Methodology V2 - Phase 2

Effective 2026-02-17T06:03:00Z, the sentiment scoring pipeline has been updated with a crypto relevance filter. This completes the two-phase Methodology V2 deployment that began on 2026-02-16 with the sentiment model upgrade.

What Changed

A relevance filter has been added to the pipeline between deduplication and sentiment scoring. Posts collected from X (Twitter) are now classified for crypto relevance before they reach the sentiment models. Non-crypto content is removed, and only posts determined to be about cryptocurrency proceed to sentiment scoring.

The filter uses a dedicated classification model trained on crypto and non-crypto examples. Posts that do not pass the filter are stored separately for auditing purposes - no data is discarded silently.

Why This Matters

Coin-specific search queries on X often return posts that mention a token’s name in a non-crypto context.
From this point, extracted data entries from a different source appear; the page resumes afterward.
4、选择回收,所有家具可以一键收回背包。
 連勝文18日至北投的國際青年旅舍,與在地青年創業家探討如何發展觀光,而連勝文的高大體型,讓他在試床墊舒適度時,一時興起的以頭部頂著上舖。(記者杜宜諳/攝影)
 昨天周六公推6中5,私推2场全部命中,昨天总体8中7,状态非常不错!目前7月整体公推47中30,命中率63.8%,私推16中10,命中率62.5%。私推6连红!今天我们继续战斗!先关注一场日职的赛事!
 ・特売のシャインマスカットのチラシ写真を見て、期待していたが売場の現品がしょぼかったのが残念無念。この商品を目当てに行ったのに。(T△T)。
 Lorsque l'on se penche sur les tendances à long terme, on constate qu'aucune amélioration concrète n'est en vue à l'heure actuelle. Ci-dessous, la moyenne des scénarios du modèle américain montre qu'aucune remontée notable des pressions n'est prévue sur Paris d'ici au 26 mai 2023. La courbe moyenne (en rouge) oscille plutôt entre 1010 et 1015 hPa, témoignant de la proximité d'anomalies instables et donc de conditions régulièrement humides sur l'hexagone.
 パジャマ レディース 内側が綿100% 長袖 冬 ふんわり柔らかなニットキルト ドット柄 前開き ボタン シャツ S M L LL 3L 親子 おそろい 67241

These off-topic posts previously passed through to sentiment scoring, introducing noise into aggregated metrics. The relevance filter removes this noise at the source, before sentiment scores are computed.

Impact on Data

All data produced after the cutover timestamp reflects the updated pipeline:

  • crypto_filter_enabled field added to ai_sentiment metadata (value: true)
  • crypto_filter_model field added to ai_sentiment metadata
  • Post volumes (posts_total) will be lower than Phase 1 baseline, as irrelevant posts are excluded
  • Sentiment signal quality improves - aggregated scores reflect only crypto-relevant discussion
  • The query volume per coin has been increased to compensate for filtered posts, maintaining comparable coverage of relevant content

Cutover Details

DetailValue
Phase 2 cutover2026-02-17T06:03:00Z
Phase 1 cutover2026-02-16T05:14:00Z
Version identifierv2.0
Regime fieldmethodology_regime: "v2"

The methodology_regime field (introduced in Phase 1) continues to identify all V2 data. Researchers can use this field to distinguish between V1 and V2 methodology without date-based filtering.
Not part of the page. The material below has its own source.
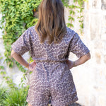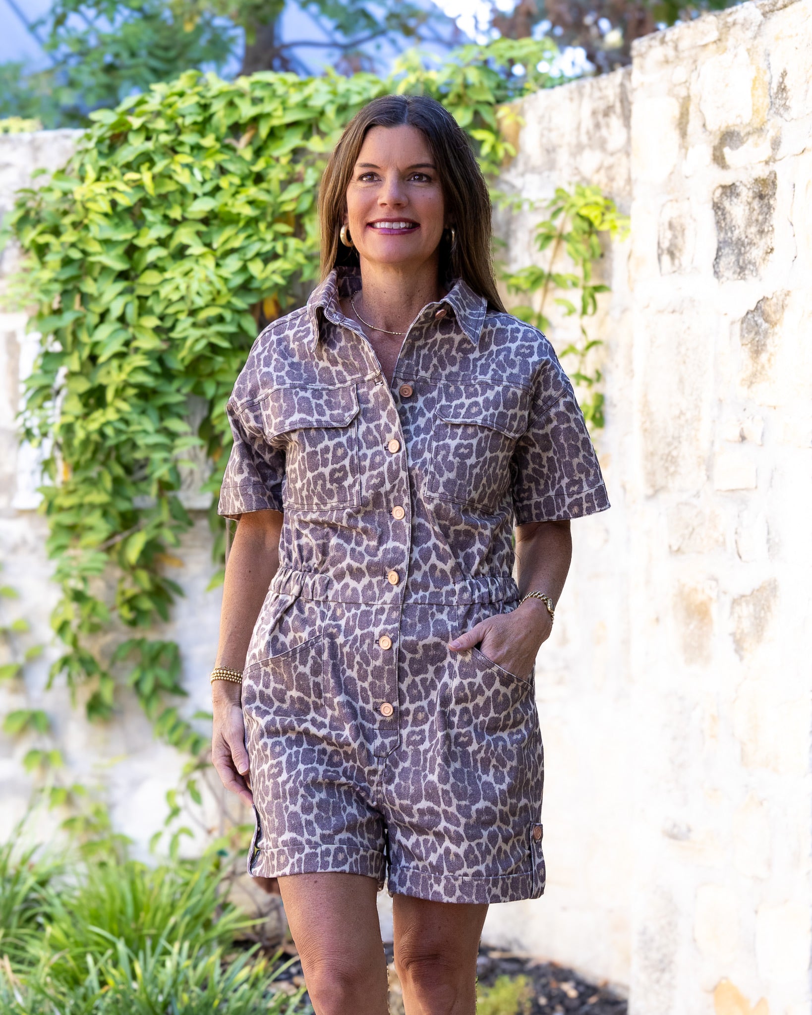 This playful leopard utility romper combines wild style with practical design. Featuring easy button-up front closure and handy pockets, it keeps you ready for adventure and comfort all day long. Perfect for adding a fun, fierce touch to your casual wardrobe.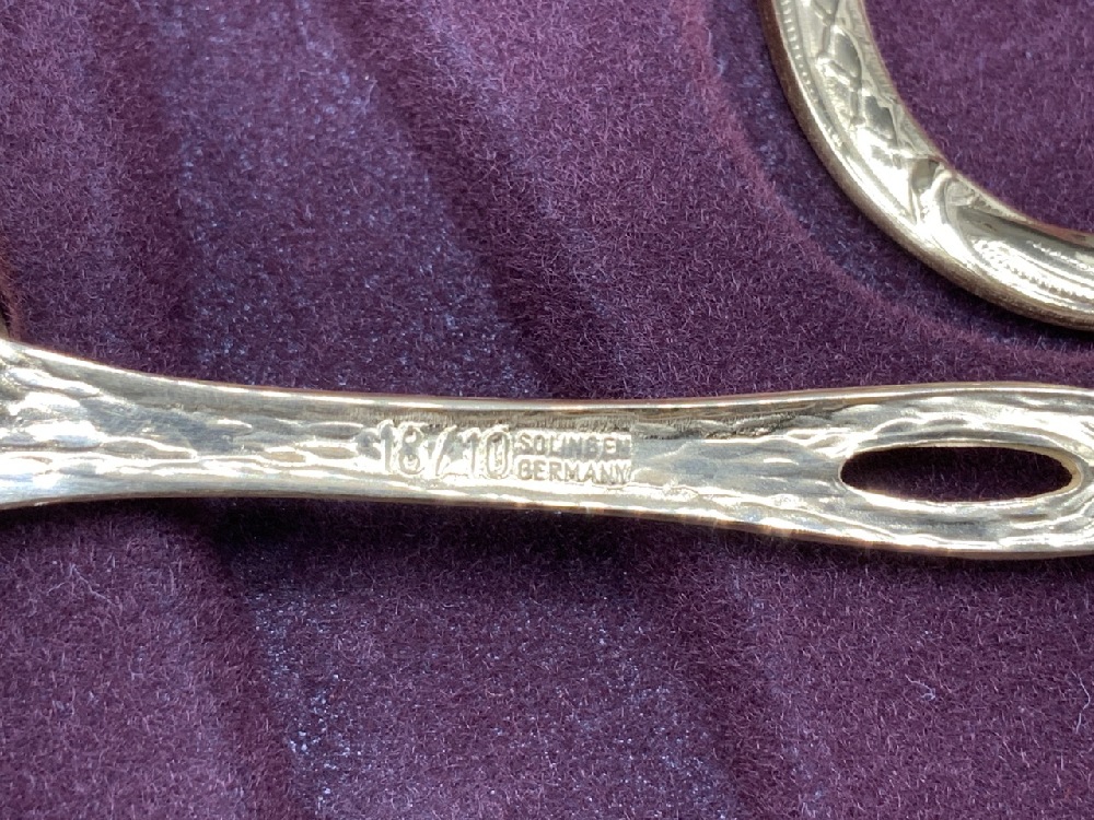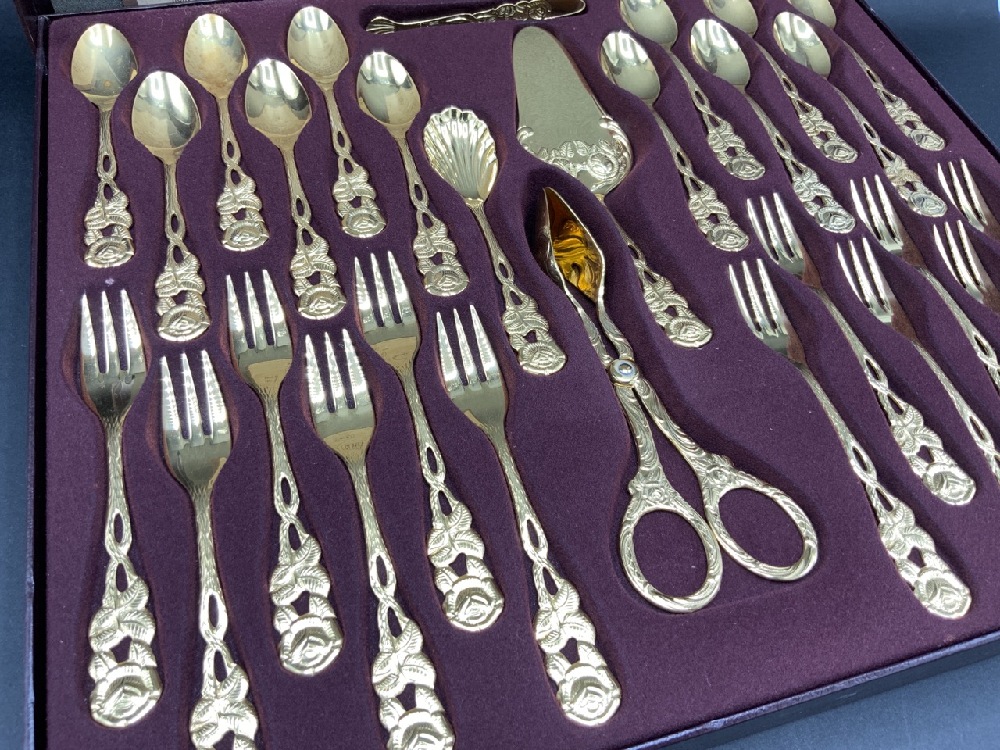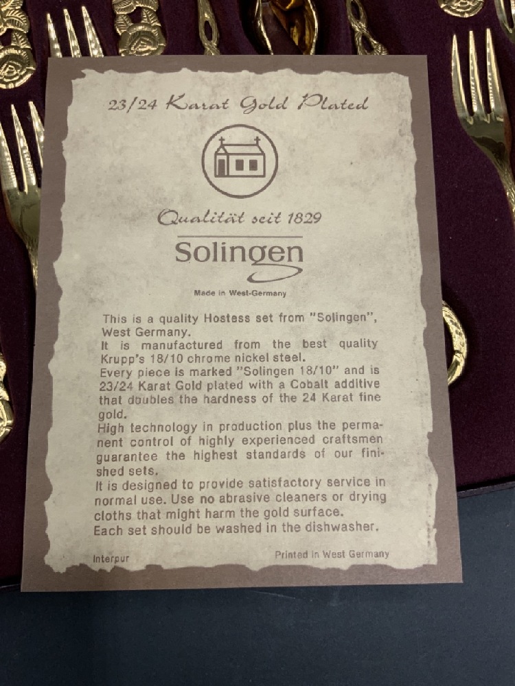 Solingen West Germany 23/24k gold plated hostess set in original box. c. 1950's or 60's.

Pipeline Summary (V2 Complete)

The full V2 pipeline, now active:

  1. Collect posts from X (Twitter) via coin-specific queries
  2. Deduplicate against previously seen posts
  3. Filter for crypto relevance (new in Phase 2)
  4. Score remaining posts with primary sentiment model
  5. Validate scores with secondary confidence model
  6. Aggregate into hourly and cycle-level metrics

Phase 2 cutover timestamp: 2026-02-17T06:03:00Z.